In this issue of Cancer, Ergolu and colleagues1 describe the emerging utility of circulating tumor DNA (ctDNA) as a predictor of immunotherapy treatment outcomes in melanoma.1 Although this study is only an initial glimpse into the potential of ctDNA to impact on clinical practice, it seems likely that noninvasive disease assessment will have a major role in oncology moving into the future. Many studies across tumor types have now demonstrated ctDNA as a marker of tumor burden and cancer proliferation.2,3 In addition, ctDNA has been shown to be predictive of treatment response across a variety of treatment modalities.4–7 In adjuvant bladder cancer, reanalysis of an originally reported negative phase 3 trial suggests that ctDNA is highly predictive of benefit for atezolizumab versus observation. Similarly in colorectal cancer, noninferiority of a ctDNA-guided approach compared to adjuvant chemotherapy has been demonstrated in stage II disease.8,9 Eroglu et al.1 add to this literature by providing further insight into ctDNA dynamics during immune-checkpoint inhibitors (ICI) in both adjuvant and advanced melanoma. They found that increasing ctDNA levels during ICI was predictive of distant metastatic relapse in the adjuvant setting as well as inferior progression-free survival (PFS) in treatment-naive metastatic disease.

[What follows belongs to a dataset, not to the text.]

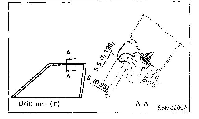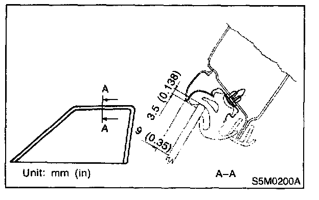 8. After stabilizer adjustment, carry out glass crimp adjustment. First, visually ensure positional relationship between retainer & molding and glass of the roof side, and then begin with rear sash adjustment. Adjust two adjusting bolts alternately step by step to obtain dimensions shown (cross-section A).

A wide range of ctDNA assays are now in clinical use, ranging from tumor-informed approaches that apply identified mutations into small targeted panels or droplet digital assays, to tumor agnostic approaches that sequence the whole genome or methylome. Which of these approaches is optimal is likely application- or investigation-specific and there are few head-to-head comparisons. One hypothesis would be that given the impact of sampling variation and the paucity of mutant DNA fragments in blood and other fluids, full sequencing panels may be more broadly applicable to increase the number of detectable loci. That being said, comparisons of multi-target to single-target assays, to date, have not shown a difference in identifying molecular recurrence in colorectal cancer.10 Assay sensitivity is therefore likely to be more complex in clinical practice, especially when taking into account potential sites of disease-spread, such as the brain, where less ctDNA is found in the bloodstream.11
It will likely also be important to consider the context in which ctDNA is being used; for post curative-intent therapy and minimal residual disease (MRD) detection, sensitivity is critical to identify early disease recurrence. In the context of advanced disease, the level of ctDNA may be critical to inform early change to maximize the impact of available treatments. Similarly, some clinicians may continue treatment beyond progression in a selected group of patients on standard therapy if ctDNA levels are stable and/or reduced in an attempt to optimize immunotherapy outcomes.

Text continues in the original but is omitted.